Why I Think the Education System Is Broken — And How I’m Growing Outside It

Let me be brutally honest. The education system feels like a scam. It promises to prepare us for the real world, but all it does is teach us how to pass exams, memorize outdated theory, and follow orders. And the worst part? Most of us know this - but we’re too afraid to say it out loud because we’ve been told “this is just how it works.”

Well, it shouldn’t work like this anymore. Not when students have access to so much more outside the four walls of a classroom.


The System Failed Me - But I Didn’t Fail Myself

I’ve learned more from building real-world projects with my club than I ever did from any semester syllabus.

I’ve contributed to open-source. I’ve built tools that people actually use. I’ve been mentored by seniors, reviewed PRs, attended FOSS conferences, collaborated with talented strangers online, and pushed myself to think and create.

And all of this? Happened outside college hours.

Inside class, I listen to professors reading off slides. I’m taught to remember definitions and write theoretical answers in an exam that will never help me in the real world. If I miss a class because I was busy solving a real problem or working on a project - I get punished for “lack of attendance.”

Let that sink in: building skills that matter is punished, and memorizing answers is rewarded.


What Is the Point of This System Anymore?

  • Why are we still being taught things that are 10+ years outdated?
  • Why is learning measured by grades and not by growth?
  • Why aren’t students encouraged to build, fail, explore?
  • Why is a student with real-world skills seen as a “distraction” in class?
  • Why do teachers often resist any change, even if the students are clearly ahead?

This is not just inefficiency - this is intellectual malpractice.


Clubs, Communities, and Self-Learning Saved Me

If I had to depend only on college to teach me tech, I’d still be writing “Hello World” in C and thinking I was a coder.

Instead, my growth came from:

  • Tech clubs that encourage peer learning and mentorship.
  • Communities like amFOSS, where we build, review, share, and grow.
  • YouTube, GitHub, online documentation, and forums that teach more in an hour than a semester-long subject.
  • Real projects that break, crash, and challenge me - and force me to grow.

I didn’t just learn to code.
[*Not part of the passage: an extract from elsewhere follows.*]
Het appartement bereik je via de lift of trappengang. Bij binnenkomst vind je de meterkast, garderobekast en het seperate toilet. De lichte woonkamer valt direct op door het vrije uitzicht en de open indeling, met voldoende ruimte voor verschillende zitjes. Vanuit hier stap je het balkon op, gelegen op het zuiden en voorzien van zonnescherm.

I learned how to think, debug, ask for help, review others’ work, understand product needs, and collaborate across time zones.

None of this comes from rote memorization. This comes from doing. From living in the real world.
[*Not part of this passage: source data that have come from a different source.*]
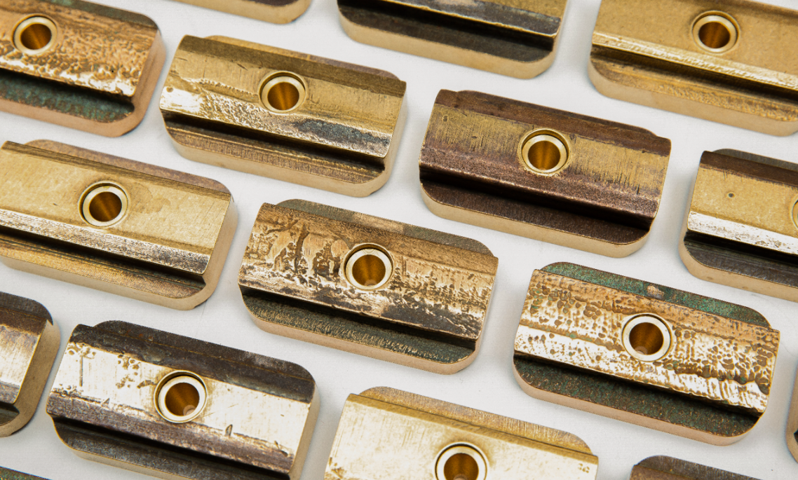 而此次文創再製計畫使用的循環材料,即來自兩座電廠抽蓄機組水輪機內獨有構件,一部機共有40支重逾2公斤、長約50公分的退役回收銅材「封水銅條」(如上圖,台電提供)。
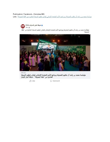 Publication: Facebook – Emirates NN Link: ”ةفرعملا ةَّمق“ نم ةرشاعلا ةخسنلا ميظنت نانلعُي يئامنلإا ةدحتملا مملأا جمانربو ةفرعملل موتكم لآ دشار نب دمحم ةسَّسؤم
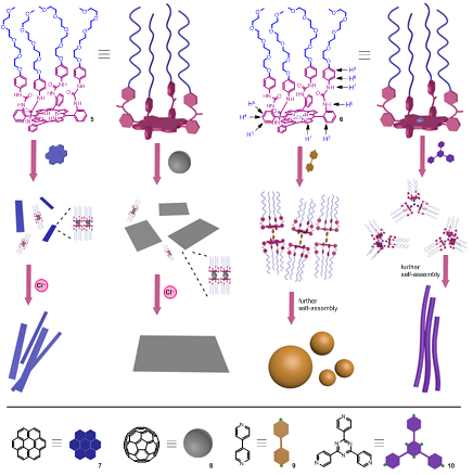 可控自组装对于超分子材料的制备和自组装体系多样性的呈现具有重要的现实意义。超两亲体在纳米结构的构筑等方面具有独特优势,但在具有不同形状和尺度的纳米材料多样性构筑方面仍存在挑战。针对这一挑战,他们设计、制备了一种单侧4条四甘醇链取代的两亲卟啉与金属卟啉分子,利用它们与晕苯、C60、4,4’-联吡啶、2,4,6-三吡啶基-1,3,5-三嗪、Cl‒等的分子识别或配位作用构建了一系列具有形状和尺度各异的超两亲体,进而聚集形成纳米球、纳米棒、膜、胶束、囊泡、微米线等丰富形貌的组装体,实现了超分子组装的多样化调控。

The Problem Is Deeper Than Just a College

This isn’t just about one bad curriculum or one outdated professor. It’s about a deep cultural flaw in how India views education.

  • Parents chase degrees, not skills.
  • Colleges chase marks, not progress.
  • Recruiters chase CGPA, not contributions.
  • Society chases government jobs, not innovation.
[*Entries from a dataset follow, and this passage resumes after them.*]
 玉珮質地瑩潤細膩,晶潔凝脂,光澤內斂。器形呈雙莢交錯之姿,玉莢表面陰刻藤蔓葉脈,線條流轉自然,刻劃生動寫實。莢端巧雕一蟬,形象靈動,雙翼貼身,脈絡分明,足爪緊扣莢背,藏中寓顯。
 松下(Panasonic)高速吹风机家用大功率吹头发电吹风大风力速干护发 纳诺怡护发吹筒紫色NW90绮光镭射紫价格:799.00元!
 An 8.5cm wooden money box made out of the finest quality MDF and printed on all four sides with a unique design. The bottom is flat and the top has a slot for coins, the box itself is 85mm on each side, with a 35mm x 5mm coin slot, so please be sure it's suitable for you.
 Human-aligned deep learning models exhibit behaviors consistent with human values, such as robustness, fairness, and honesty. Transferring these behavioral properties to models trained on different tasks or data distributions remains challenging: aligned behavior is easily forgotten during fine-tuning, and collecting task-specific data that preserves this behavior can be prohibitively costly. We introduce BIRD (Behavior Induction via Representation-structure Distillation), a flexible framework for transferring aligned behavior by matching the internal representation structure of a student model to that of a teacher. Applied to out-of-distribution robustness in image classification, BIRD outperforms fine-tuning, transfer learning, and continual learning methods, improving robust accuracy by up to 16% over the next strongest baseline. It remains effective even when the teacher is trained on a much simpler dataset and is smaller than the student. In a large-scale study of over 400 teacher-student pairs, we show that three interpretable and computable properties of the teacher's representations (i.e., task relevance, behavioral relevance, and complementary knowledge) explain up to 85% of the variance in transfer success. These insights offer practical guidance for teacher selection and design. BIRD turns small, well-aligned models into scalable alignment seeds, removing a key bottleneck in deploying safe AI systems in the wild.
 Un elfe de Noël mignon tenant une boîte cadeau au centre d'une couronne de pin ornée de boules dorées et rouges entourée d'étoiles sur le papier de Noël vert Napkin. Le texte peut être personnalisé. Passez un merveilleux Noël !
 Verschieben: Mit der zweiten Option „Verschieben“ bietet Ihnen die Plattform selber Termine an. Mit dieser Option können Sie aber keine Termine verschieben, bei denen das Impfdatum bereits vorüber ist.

We’ve equated success with blind obedience to a system that hasn’t evolved in decades. And that’s why so many brilliant students get lost in the system - instead of being empowered by it.


What I Want to See Change

  • Normalize learning outside college: Make space in the curriculum for open-source, internships, hackathons, and side projects.
  • Respect modern skill sets: Contributing to GitHub or building a SaaS should carry as much weight as scoring 95 in a theory paper.
  • Kill the fear of attendance: Students should want to attend classes, not be forced to.
  • Bring in real mentors: Let industry experts, not just professors, guide student learning.
  • Focus on application, not repetition: Let students build. Let them fail. Let them grow.

My Message to Students Like Me

If you’re reading this and feel the same frustration - you’re not alone. The system might be dumb, but you have power. The internet is your teacher. Communities are your classroom. Your projects are your portfolio.

Don’t let a mark sheet define your value. Don’t wait for a syllabus to give you permission to learn. Start now. Build something. Break things. Fix them. Share your work. Grow outside the system - because that’s where the future is.


This is not a rant. This is a wake-up call. Because we don’t need to escape the system - we need to outgrow it.